_What the task requires_
All of the records below should be retyped exactly, with no pictures included.

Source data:
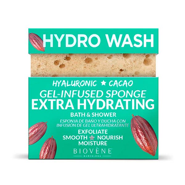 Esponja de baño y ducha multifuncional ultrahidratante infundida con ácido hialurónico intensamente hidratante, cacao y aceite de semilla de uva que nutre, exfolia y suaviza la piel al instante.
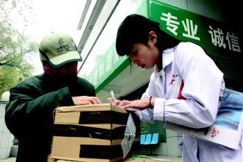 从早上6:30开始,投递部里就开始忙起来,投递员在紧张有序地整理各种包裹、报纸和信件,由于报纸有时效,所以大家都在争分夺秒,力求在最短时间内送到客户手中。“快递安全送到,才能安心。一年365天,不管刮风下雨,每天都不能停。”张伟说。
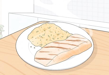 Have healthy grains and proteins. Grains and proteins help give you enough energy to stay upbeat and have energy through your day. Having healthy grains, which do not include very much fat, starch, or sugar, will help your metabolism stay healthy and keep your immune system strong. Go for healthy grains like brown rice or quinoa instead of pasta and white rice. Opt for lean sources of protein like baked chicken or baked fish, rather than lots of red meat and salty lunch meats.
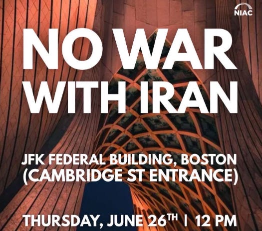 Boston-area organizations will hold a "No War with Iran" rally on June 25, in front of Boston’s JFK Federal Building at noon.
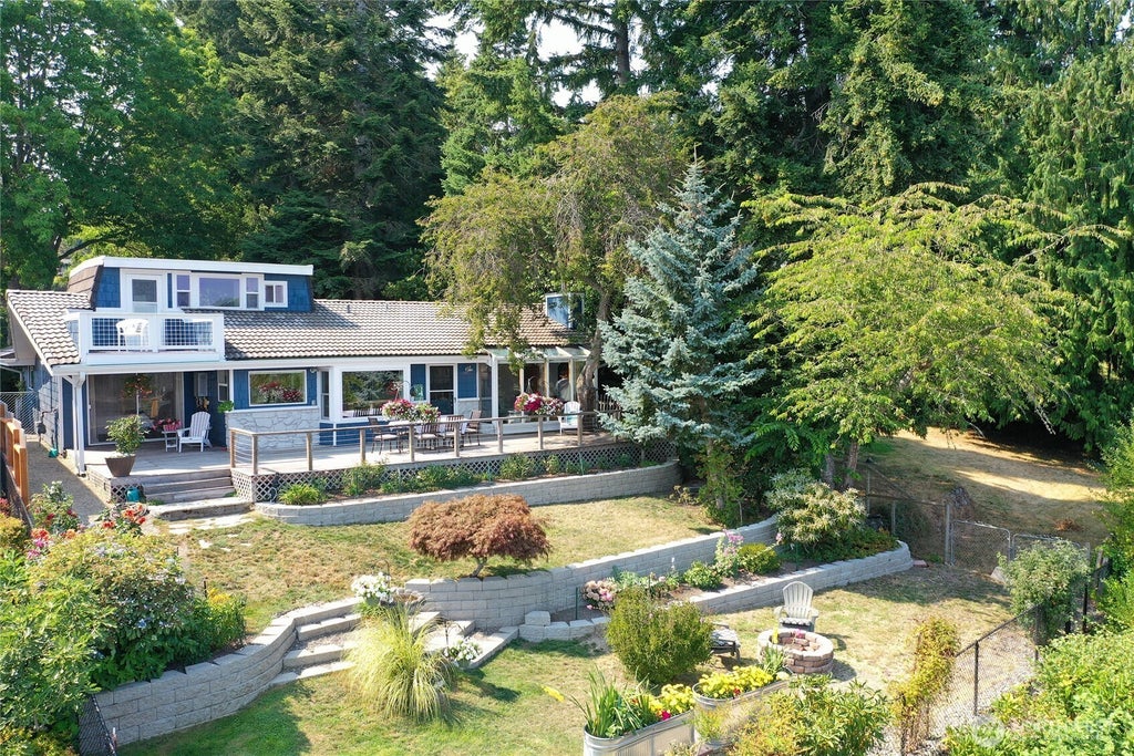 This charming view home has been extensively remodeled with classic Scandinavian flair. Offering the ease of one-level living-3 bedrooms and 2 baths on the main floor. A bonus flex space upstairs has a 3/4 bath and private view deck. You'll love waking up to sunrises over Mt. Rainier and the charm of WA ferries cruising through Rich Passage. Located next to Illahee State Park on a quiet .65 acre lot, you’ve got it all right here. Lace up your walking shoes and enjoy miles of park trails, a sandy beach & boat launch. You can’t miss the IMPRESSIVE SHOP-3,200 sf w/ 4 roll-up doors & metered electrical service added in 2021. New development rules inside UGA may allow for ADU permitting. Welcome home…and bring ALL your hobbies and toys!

_Solution_
 Esponja de baño y ducha multifuncional ultrahidratante infundida con ácido hialurónico intensamente hidratante, cacao y aceite de semilla de uva que nutre, exfolia y suaviza la piel al instante.
 从早上6:30开始,投递部里就开始忙起来,投递员在紧张有序地整理各种包裹、报纸和信件,由于报纸有时效,所以大家都在争分夺秒,力求在最短时间内送到客户手中。“快递安全送到,才能安心。一年365天,不管刮风下雨,每天都不能停。”张伟说。
 Have healthy grains and proteins. Grains and proteins help give you enough energy to stay upbeat and have energy through your day. Having healthy grains, which do not include very much fat, starch, or sugar, will help your metabolism stay healthy and keep your immune system strong. Go for healthy grains like brown rice or quinoa instead of pasta and white rice. Opt for lean sources of protein like baked chicken or baked fish, rather than lots of red meat and salty lunch meats.
 Boston-area organizations will hold a "No War with Iran" rally on June 25, in front of Boston’s JFK Federal Building at noon.
 This charming view home has been extensively remodeled with classic Scandinavian flair. Offering the ease of one-level living-3 bedrooms and 2 baths on the main floor. A bonus flex space upstairs has a 3/4 bath and private view deck. You'll love waking up to sunrises over Mt. Rainier and the charm of WA ferries cruising through Rich Passage. Located next to Illahee State Park on a quiet .65 acre lot, you’ve got it all right here. Lace up your walking shoes and enjoy miles of park trails, a sandy beach & boat launch. You can’t miss the IMPRESSIVE SHOP-3,200 sf w/ 4 roll-up doors & metered electrical service added in 2021. New development rules inside UGA may allow for ADU permitting. Welcome home…and bring ALL your hobbies and toys!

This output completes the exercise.